Tag Archives: The Paperboys

Review: The Paperboys at the New Moon Folk Club

Imagine you are picking some of your best friends up the airport. They’ve just flown in from an international adventure and you haven’t seen them for some time. Before the car doors have been slammed the conversation is already in full-swing. They are telling you stories of shows they saw and food they ate. Once you arrive at their home they’ve convinced you that they need to stay awake in order to re-set their internal clocks so you follow them inside and the stories continue to flow. Someone apparently was on the phone on the ride from the airport and more friends quickly arrive at the door. Soon a celebration of your friends’ return is underway. Souvenirs and stories from their trip are  passed around while the atmosphere and discussion dissolve into a jet-lagged induced, hilariously loopy party.

You might ask why I’d ask you to imagine such a scenario. Well to me it is the best way to put you in the correct mindset for attempting to describe what happened when The Paperboys descended at the New Moon Folk Club. The show was a sell-out and the queue to get inside snaked up and down the lobby a few times before it continued out into the dark, snowy parking lot. Everyone was eager to hear The Paperboys who had just flown in from Dublin, as part of their 25th anniversary tour—what songs from the back catalogue would we get to hear?
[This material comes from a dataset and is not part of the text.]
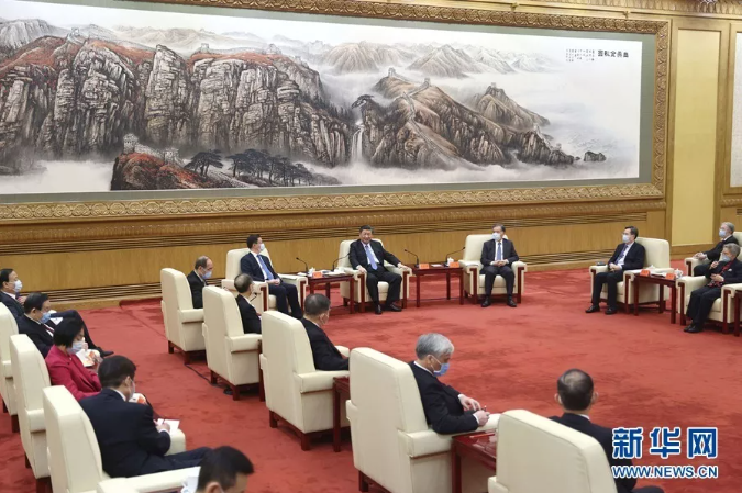 图为2021年2月,习近平、汪洋、韩正等在北京人民大会堂同党外人士欢聚一堂,共迎佳节。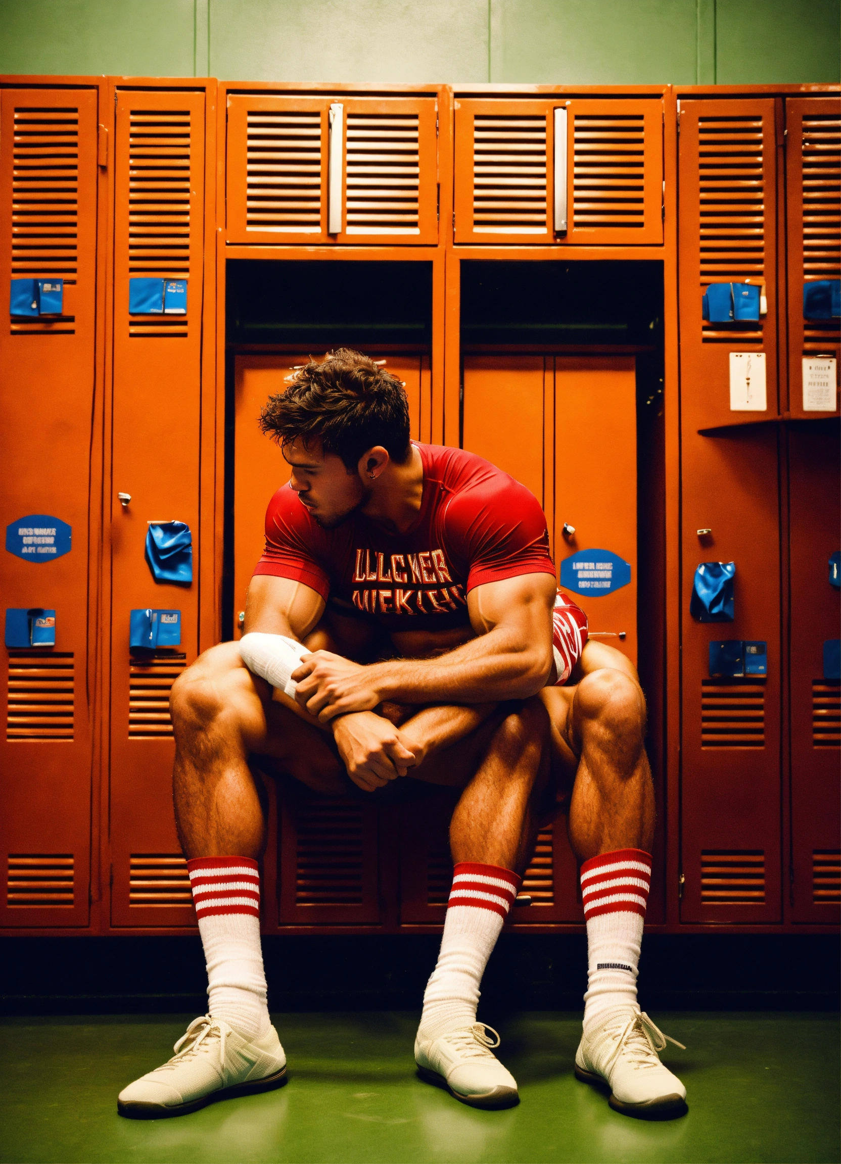 Group of skinny handsome boxer wrestlers young cuddling guys tanned hairy sweaty sporty hunks studs in sporty sock and in a locker room lockers with big bulges

IMG_3637Once The Paperboys took the stage it was time for the stories to start flowing: Geoff Kelly’s imaginary food baby? Apparently courtesy of Greggs’ Cornish pasties, and sausage rolls; St. Basil’s Cultural Center? Double the size of any of the small folk club venues they played in the UK and Ireland. Just like the imaginary scenario I described you were never sure if at one moment the band would all collapse from exhaustion. They never did succumb to their need for sleep, always keeping the energy level cranked—and they played until 11 o’clock which would be 6 am in the UK!

The atmosphere was a party and then some. I have never seen so many people dancing at an Edmonton folk club. Ever. Both sides of the stage had people out of their seats, twirling and bopping along to the constantly evolving musical selections blasting from the stage. We sang along with “California” at the top of our lungs and then The Paperboys started pulling in extra performers, Calvin Vollrath traded off fiddle duties for a song or two with Kalissa Landa, Jeremiah McDade offered some saxophone solos and Remi Noel joined in on trombone.
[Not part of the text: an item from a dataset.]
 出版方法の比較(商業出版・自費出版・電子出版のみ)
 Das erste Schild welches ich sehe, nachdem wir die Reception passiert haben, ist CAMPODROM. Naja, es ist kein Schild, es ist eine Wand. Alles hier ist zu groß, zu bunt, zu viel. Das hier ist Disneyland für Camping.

At the end of the night you were exhausted but invigorated. It was a fantastic night that like The Paperboys’ music itself defies all attempts to describe it…so imagine an evening of stories and songs bouncing from topic to topic seamlessly as only the best of friends can manage.
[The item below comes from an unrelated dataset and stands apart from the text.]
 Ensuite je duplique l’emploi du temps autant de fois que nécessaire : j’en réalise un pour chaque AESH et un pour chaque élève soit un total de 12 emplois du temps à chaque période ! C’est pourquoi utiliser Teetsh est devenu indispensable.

The next show at the New Moon Folk Club is the Dead South and is also sold-out, so start planning for 2018 and get your tickets early to the shows in the new year. Also new is New Moon crowd-sourcing local musicians for the First Set—if you know of a local artist who would benefit from playing the first set at a New Moon show email their information to FirstSetnmfc[at]gmail.com.

Review: The Paperboys at Horizon Stage

Last night The Paperboys completed a set of three Alberta performance dates at the Horizon Stage in Spruce Grove. The Paperboys’ performance was as polished as one of their many albums, but make no mistake polished doesn’t mean disconnected. Although the set-up for the Horizon Stage doesn’t readily allow for patrons to stand up and dance (without blocking their neighbours) from the first chord that The Paperboys struck serious seat-dancing, foot stomping and hand clapping occurred. With the final song of the night  the audience’s enthusiasm could no longer be contained and suddenly we were on our feet partaking in an audience wide dance party.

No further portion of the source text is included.